The Russian Federation said its submission in A/CONF.164/L.47 included a definition of an "adjacent region". Norway supported the incorporation of such a definition to impart clarity in the text.
Japan proposed that conservation and management measures should be authentic, and tendered additional text on the definition of "international conservation and management measures" based on text contained in the FAO Compliance Agreement. Two additional definitions modeled on the Vienna Convention on the Law of Treaties were proposed by Japan in respect of "subregional or regional fisheries management organizations" and "arrangements". The US said it would support inclusion of a definition on the former, but not the latter. The EU argued for minimum definitions, but supported the inclusion of a working definition of "arrangement". Argentina, supported by Papua New Guinea, endorsed this point.
Papua New Guinea argued for maintenance of constructive ambiguity within the text. New Zealand, Australia, Poland, the US, and Chile preferred to follow UNCLOS with a minimal number of definitions included in the text.

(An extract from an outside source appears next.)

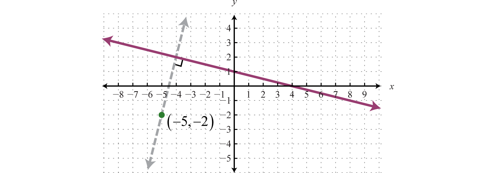 Geometrically, we see that the line , shown as a dashed line in the graph, passes through and is perpendicular to the given line

China said Article 1 should be as general as possible. The Japanese delegate expressed concern that Articles 63 and 64 of UNCLOS lack definition for the terms "directly", "organization", and "arrangement". He proposed that such definitions be included in the text to ensure the viability of the binding nature of the Agreement, particularly in reference to Articles 8 and 20. Estonia supported the inclusion of definitions in Article 1.
Poland questioned the use of the word "entities" at the end of paragraph (3) and said that the paragraph should reflect the reality that "entities" must also include those fishing in EEZs. In response, the Chair pointed out that paragraph (3) is a particular reference to the status of China.

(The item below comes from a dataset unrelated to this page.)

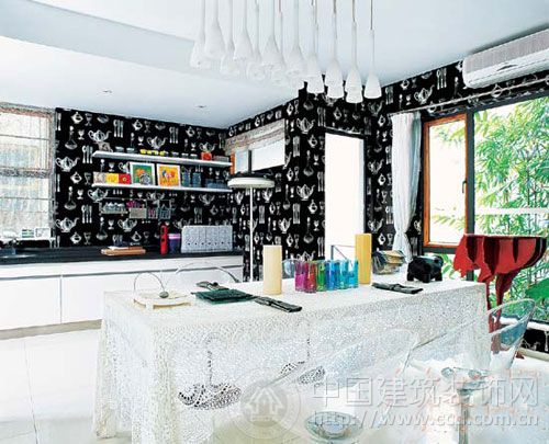 在大面積運用黑色與白色布置的房間中,營造時尚、可愛的感覺,一定不能缺少充滿設(shè)計感的高級派產(chǎn)品,椅子、燈具、餐具給餐廚空間帶來了大量的幾何圖形,既代表著高品質(zhì),又帶來與眾不同的時尚感,打造出具有創(chuàng)意的、新鮮的靈動空間。同時通過另一種不同的自由而任性的布置,令不易出彩的空間更加時尚而可愛。

The Russian Federation said that the use of the word "optimum" is taken from Articles 62 and 64 of UNCLOS. Long-term conservation pursues the goal of long-term utilization of the stocks. Brazil disagreed, saying Article 64 refers to HMFS and that the term "optimum utilization" has been superseded by the term "sustainable". The Chair supported Brazil's interpretation and said that "sustainable use" is not harmful. The EU, supported by Japan, proposed adding "throughout the entire range of their distribution" at the end of Article 2, which contains the objective.

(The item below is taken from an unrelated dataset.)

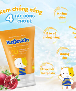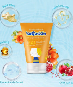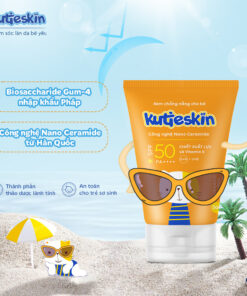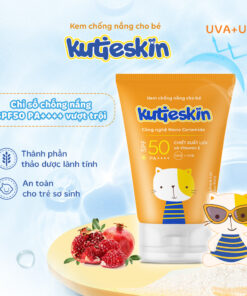 Kem chống nắng cho bé Kutieskin có chỉ số chống nắng vượt trội SPF50 PA++++ giúp bảo vệ tối ưu cho làn da trẻ trước các tác nhân gây hại từ môi trường và ánh nắng mặt trời.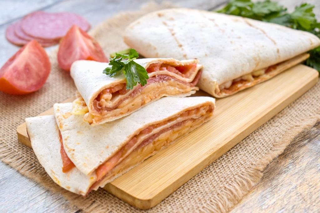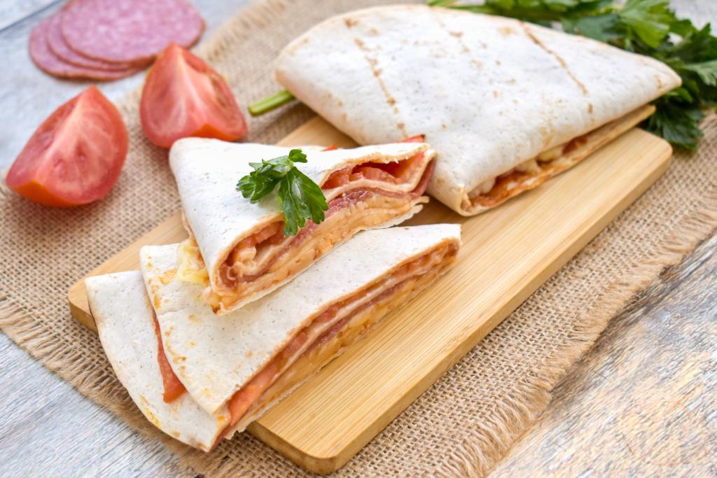 Повторяем сворачивание, в результате получается заготовка из лепёшки "Тортилья" с начинкой из колбасы и сыра в виде треугольника. Аналогично формируем второй треугольник из тортильи и оставшихся помидоров, колбасы и сыра.

In consideration of Article 3, dealing with application, Peru emphasized "rights and obligations" to conserve and manage fish stocks. The US said that the application of Articles 5, 6 and 7 should clearly apply to the area of the high seas and the areas under national jurisdiction.
The delegate of Peru expressed concern over the text in Article 4, dealing with the relationship between UNCLOS and the Draft Agreement, and said it should include reference to the sovereign rights of both coastal States and high seas fishing States. He suggested that Article 7, paragraph (1) should be moved to Article 4 to create a chapeau covering these issues.
The Chair said he had examined the possibility of incorporating Article 7, paragraph (1) into Article 4, and that perhaps a clarification could be inserted stating that in the event of an inconsistency, UNCLOS shall prevail.